U.S., France seek Bosnia deadline

February 09, 1994|By Mark Matthews and Gilbert A. Lewthwaite | Mark Matthews and Gilbert A. Lewthwaite,Washington Bureau of The Sun

WASHINGTON -- The United States and France sought yesterday to win allied support for a deadline requiring Bosnian Serbs to remove their heavy weaponry from around Sarajevo or face NATO air attacks.

The U.S.-French proposal, to be presented today at a meeting of the North Atlantic Treaty Organization in Brussels, Belgium, could trigger the first NATO bombing attacks since the 16-nation alliance was formed 44 years ago. A decision by the allies could come today.

The proposal comes three days after the worst shelling attack on the Bosnian capital in the 22-month-old war.
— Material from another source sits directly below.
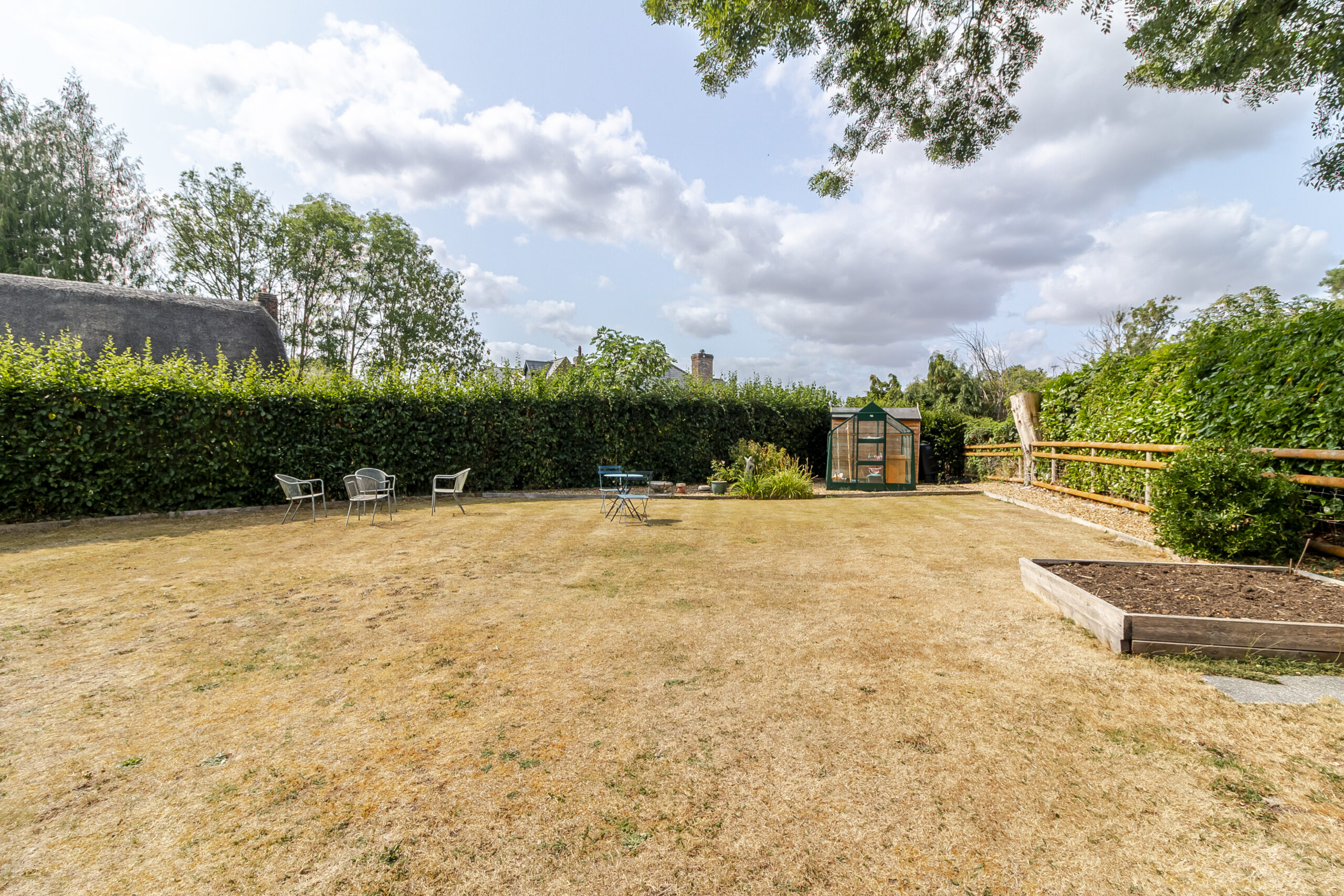 Practical improvements include a complete rethatch of the south elevation in 2019, a new oil-fired boiler and bunded tank in 2018, upgraded radiators, replacement hardwood doors, and a fully converted garage now serving as a well-equipped utility space. A resurfaced driveway offers parking for three vehicles.

The attack killed 68 and wounded more than 200 civilians in a massacre that filled Western television screens with scenes of blood and agony.

President Clinton approved the plan Monday night in Shreveport, La., after it was presented to him by his national security adviser, Anthony Lake, following U.S.-French consultations. But winning allied support will test the president's leadership on an issue on which for a year he has been reluctant to assert himself.

It would set a deadline of seven to 10 days for Serbs to remove artillery, mortars or tanks from within a 12-mile radius of the city center, creating a "no-artillery zone in and around Sarajevo," a senior U.S. official said. If Serbs fail to comply, artillery sites would be bombed.

The plan would not punish the Serbs for Saturday's attack. Although they are widely believed to be responsible, the United Nations has been unable to produce proof.

The proposals also call for Serbian and Muslim forces to put their arms in and around Sarajevo under U.N. control. If Muslims refuse, the whole effort could come apart, although U.S. officials consider refusal unlikely.

Mr. Clinton spoke by telephone yesterday with a major holdout among the allies, Prime Minister Jean Chretien of Canada, which has 2,000 peacekeeping troops in Bosnia. Mr. Chretien fears that air attacks would draw retaliation on the ground.

"There are different levels of enthusiasm" among the allies, the senior U.S. official said.

Russia, which is not a member of the alliance and has longtime ties with Serbia, has voiced objections and could disrupt the effort. But one U.S. official said that Russia objects less to the U.S.-French proposal than to one of outright reprisals for past Serbian shelling.

France stepped up pressure on other NATO allies to approve the proposal yesterday, with Foreign Minister Alain Juppe warning that French peacekeepers could otherwise be withdrawn.

Members of Congress expressed bipartisan concern about U.S. intervention and who would be in charge of ordering any air strikes or other military operations.

Defense Secretary William J. Perry and Gen. John M. Shalikashvili, chairman of the Joint Chiefs of Staff, assured the Senate Armed Services Committee that the orders would be passed through U.S officers serving with NATO, and not through the U.N. Command.

"We have been consistent in our view that the U.S. military operations in Bosnia, or any other place we are talking about, will be under U.S. command, or NATO command," Mr. Perry said.

He said he hoped the North Atlantic Council, the political arm of NATO, would approve a U.S. plan for responding to the Bosnian conflict this week.

Nunn's concerns

Pressed by Chairman Sam Nunn, a Georgia Democrat, on whether U.N. Secretary General Boutros Boutros-Ghali could order U.S. air strikes, General Shalikashvili told the committee: "The U.N. can request. The U.N. can ask for coordination [with U.N. troops on the ground]. But the U.N. cannot order."

Any decision on launching air strikes would be taken by the North Atlantic Council. It would be relayed through two U.S. officers serving with NATO: Gen. George A. Joulwan, Supreme Allied Commander in Europe, and Adm. Jeremy M. Boorda, commander-in-chief of NATO's southern command.

Mr. Perry agreed with Sen. John McCain, an Arizona Republican, that Congress should be consulted before U.S. military involvement. Earlier this week, Mr. Perry said he took seriously "the limitations" of air strikes, against either artillery targets or targets "deliberately embedded" in civilian areas, an apparent reference to the mortars inside Sarajevo.

Senator McCain said the United States should stop making threats it was not prepared to carry out and should lift the arms embargo against the Muslims. He dismissed the reported U.S. proposal to give the Bosnian Serbs an ultimatum to remove their guns 12 miles from Sarajevo or face military action as "a bureaucratic solution," and said it was "a slippery slope" likely to lead to incremental U.S. involvement.

"If you embark on this policy, you had better be able to tell the American people what you do if it fails," he warned Mr. Perry and General Shalikashvili. Senator McCain reminded General Shalikashvili that the general had testified previously that air strikes alone were not generally effective. The general replied, "I don't walk away from the statement."